Is University the only way into Civil Engineering? #TEWeek18

There is a definite misconception about STEM subjects and it is failing young people. Unaware of the alternative routes into civil engineering and lack of knowledge about what kinds of careers are available means more awareness is needed around the ways in which young people can enter a career in Civil Engineering. 

Civil engineering graduates are the third highest starting earners according to Engineering UK’s annual report, with the median earnings for an engineer growing 1.7% to £40,953, comfortably above the national median wage of £28,213.

Average starting salaries of civil engineers are only beaten by veterinary medicine and doctors. However, a career in civil engineering does not have to begin with University.

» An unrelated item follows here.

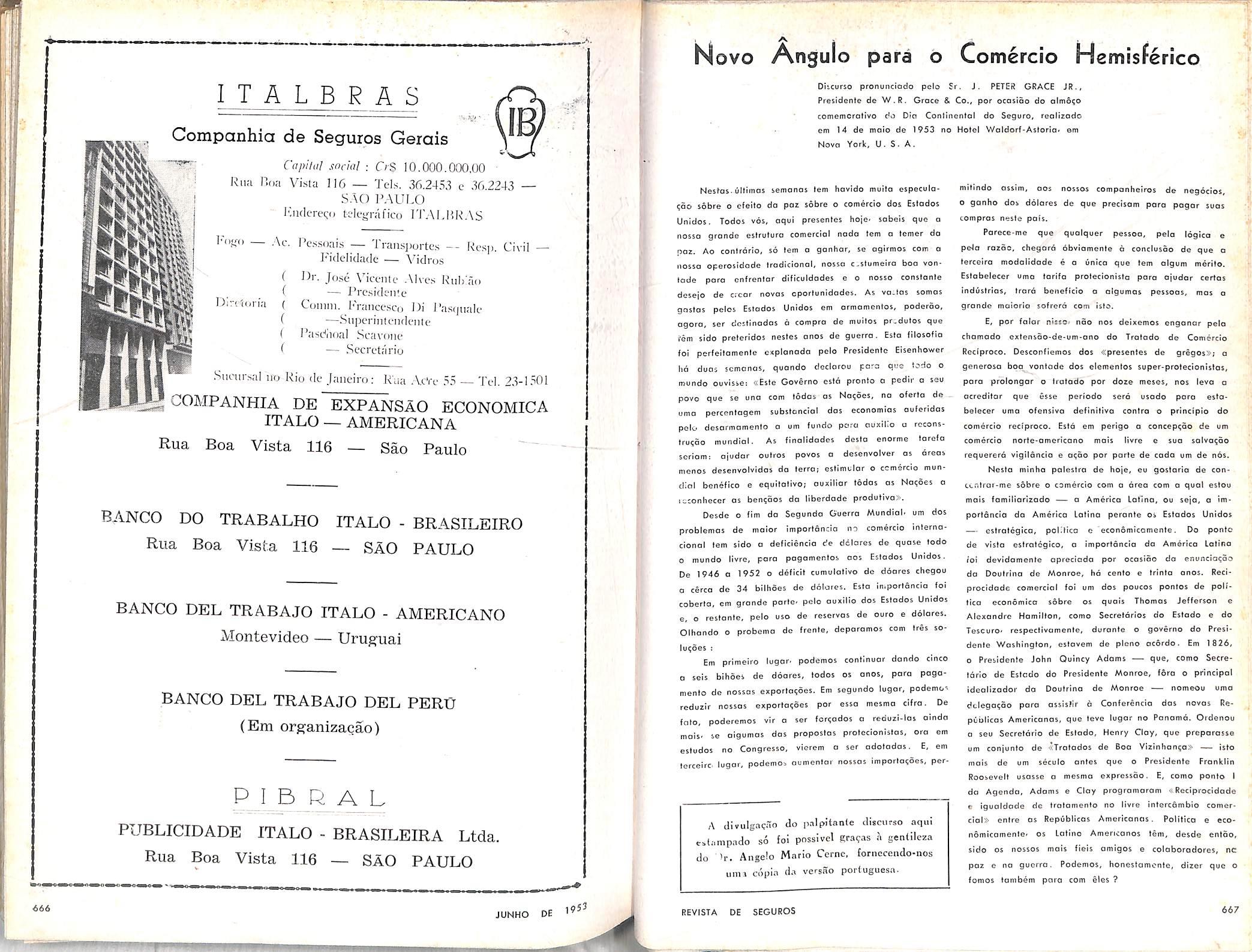 Trala-sc de obra de lorgo folego, editodo em Esponhol e ingles, cslando a materia ncia conlida reportida por sois copilulos — 1," — Discorsos pronunciodos no IV Conferencio Hemisferico de Seguros, 2° — O seguro privodo em Cuba, com ligeiro hislbrico dos Qlividcdes segurodoros naquclo Republlca. 3" Relogoo dos ccmponhios- motrlzes e agendas, que operom no Republico, nominolo dos presidentes, corretorcs e odvogodos dc emprcsos locals, bem como a rclo^So dos Guloridodes de seguros em vdrios poises do continente; rdlogao dos diretores dos companhios de seguros dos republlcQs Qmerjconos, inclusive Canodd c Anlilhos, Associagdes dc- clossc nomev dos empresos, e multos outros dodos inleressanles. 4. 5° e 6" — Ocupam-se de bancos, movimcnio do bolso e diretorio comercioi.

There is no doubt that a civil engineering degree can be a lucrative and profitable choice but what are the other options? Vocational qualifications such as BTEC diplomas, NVQs, ONCs, and HNCs, among many others, all offer young people the opportunity to explore civil engineering with hands on experience.

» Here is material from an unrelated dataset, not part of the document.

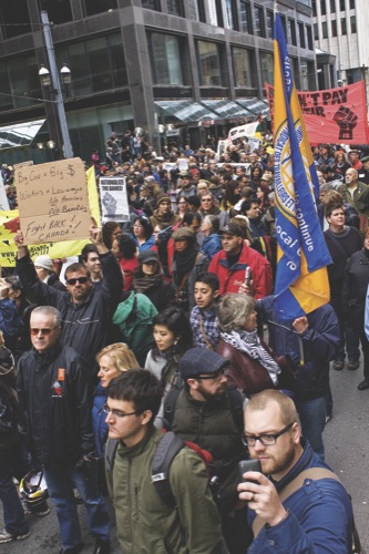 stationed officers nearby where the nearest bathroom was. Very courteously, they helped me find one. It’s easy to have a biased view of police at protests, but they were there to keep the peace. It was a very far cry from police behaviour at the G20.

‘We are keen to destigmatise vocational training’ CECA NW Director Guy Lawson said. Citing the ‘site experience’ as a valuable element to these routes which some degree programmes lack.

‘I started as a trainee technician and was required to go to college one day a week on a two-year ONC in Civil Engineering,’ said Oliver Smith, 29, from Bolton. ‘I was able to get hands on experience straight away.’

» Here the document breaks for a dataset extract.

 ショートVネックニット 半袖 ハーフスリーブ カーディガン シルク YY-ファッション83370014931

Daniel Boothby, who sits on and chairs the CECA foundations board, says “I started on the tools completing my HNC at night school. George Cox and sons supported me through my degree, developing my passion for the industry that I look to share through my involvement in CECA foundations”.

Eleanor Westwood, a Business Development Manager for BAM Nuttall Ltd, says: “As many without an industry specific qualification do, I entered the civil engineering industry by chance. Working through bid management, compliance and business development roles, I learnt that there is much more to the industry than just spades in the ground. There is an interesting career path available for everyone, no matter what your background.

“I was recently involved in the creation of the CECA North West Foundations group for young people in the industry, tasked with encouraging and supporting those new to their career in civils. The misconceptions surrounding construction are big issues to be tackled, and I am proud of the way CECA North West have approached this, being fully inclusive and friendly to all those who engage. Guy Lawson particularly, has always welcomed me at board meetings and encouraged my involvement in CECA activities providing an excellent source of support and a useful network.”

Additionally, the stigma that surrounds civil engineering means many young people are left confused about what a career really entails. With a vast number of firms in the North West looking after environmental projects and technology projects, the job goes beyond the building roads and reams of mathematical equations.

CECA NW says, ‘civil engineers ensure we have an excellent quality of life.’ There is no doubt that civil engineering shapes the world. There is a skills shortage in the industry but a booming number of civil engineering projects meaning job security is excellent and salaries are set to rise.

‘Civil engineering is not just about wheelbarrows and wellies,’ says CECA, who laud skills such as problem-solving, communication and creativity. ‘After all, how many jobs are there where you can point to something and say, “I built that.”